This tutorial will explain how to use he Numpy full function in Python (AKA, np.full or numpy.full).

Numpy full creates a Numpy array filled with the same value

At a high level, the Numpy full function creates a Numpy array that’s filled with the same value.

It’s a fairly easy function to understand, but you need to know some details to really use it properly.

Having said that, this tutorial will give you a quick introduction to Numpy arrays. Then it will explain the Numpy full function, including the syntax. After explaining the syntax, it will show you some examples and answer some questions.

The following links will take you to the appropriate part of the tutorial. So if you’re in a hurry, you can just click on a link.

Contents:

However, it’s probably better to read the whole tutorial, especially if you’re a beginner.

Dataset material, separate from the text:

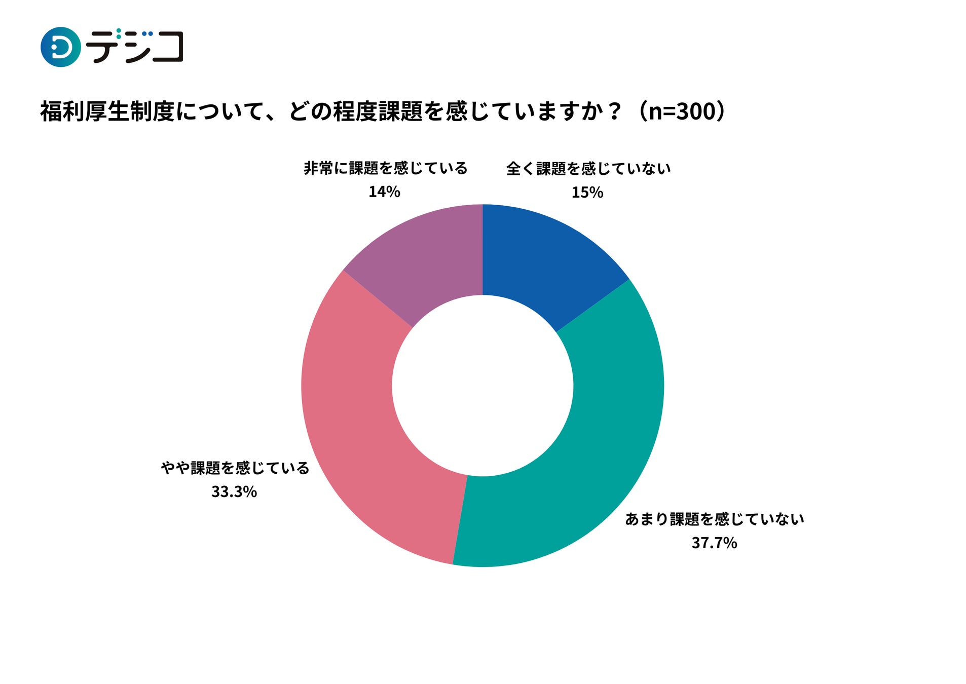 現在の福利厚生制度について、どの程度課題を感じているかを調査したところ、「全く課題を感じていない」と回答した企業は15.0%にとどまり、約半数の企業が課題を感じていることが明らかになりました。具体的な課題の内容については、次の設問で詳しく掘り下げていきます。

A quick review of Numpy and Numpy arrays

Quickly, let’s review Numpy and Numpy arrays.

So what is Numpy?

To put it simply, Numpy is a toolkit for working with numeric data in Python. Said differently, it’s a set of tools for doing data manipulation with numbers.

More specifically, Numpy operates on special arrays of numbers, called Numpy arrays.

Numpy arrays are arrays of numbers

What is a Numpy array?

You can think of a Numpy array like a vector or a matrix in mathematics.

Like a matrix, a Numpy array is just a grid of numbers.

These Numpy arrays can be 1-dimensional … like a vector:

A simple Numpy array of numbers from 0 to 3.

And Numpy arrays can be 2-dimensional:

An example of a 2-dimensional Numpy array with the numbers 0 to 7.

They can also have more than two dimensions. These higher-dimensional Numpy arrays are like tensors in mathematics (and they are often used in advanced machine learning processes like Python’s Keras and TensorFlow).

Numpy arrays have a shape

One thing to remember about Numpy arrays is that they have a shape.

The shape of a Numpy array is essentially the number of rows and columns. (Or more technically, the number of units along each axis of the array.)

So let’s say that you have a 2-dimensional Numpy array.

An example of a 2-dimensional Numpy array with the numbers 0 to 7.

This array has a shape of (2, 4) because it has two rows and four columns.

You need to know about Numpy array shapes because when we create new arrays using the numpy.full function, we will need to specify a shape for the new array with the shape = parameter.

You’ll read more about this in the syntax section of this tutorial.

Numpy provides functions for creating and manipulating arrays

Essentially, Numpy just provides functions for creating these numeric arrays and manipulating them.

For example, we can use Numpy to perform summary calculations. We can use Numpy functions to calculate the mean of an array or calculate the median of an array.

And Numpy has functions to change the shape of existing arrays. So we use Numpy to combine arrays together or reshape a Numpy array.

But before we do any of those things, we need an array of numbers in the first place.

Numpy has a variety of ways to create Numpy arrays, like Numpy arrange and Numpy zeroes.

One of the other ways to create an array though is the Numpy full function.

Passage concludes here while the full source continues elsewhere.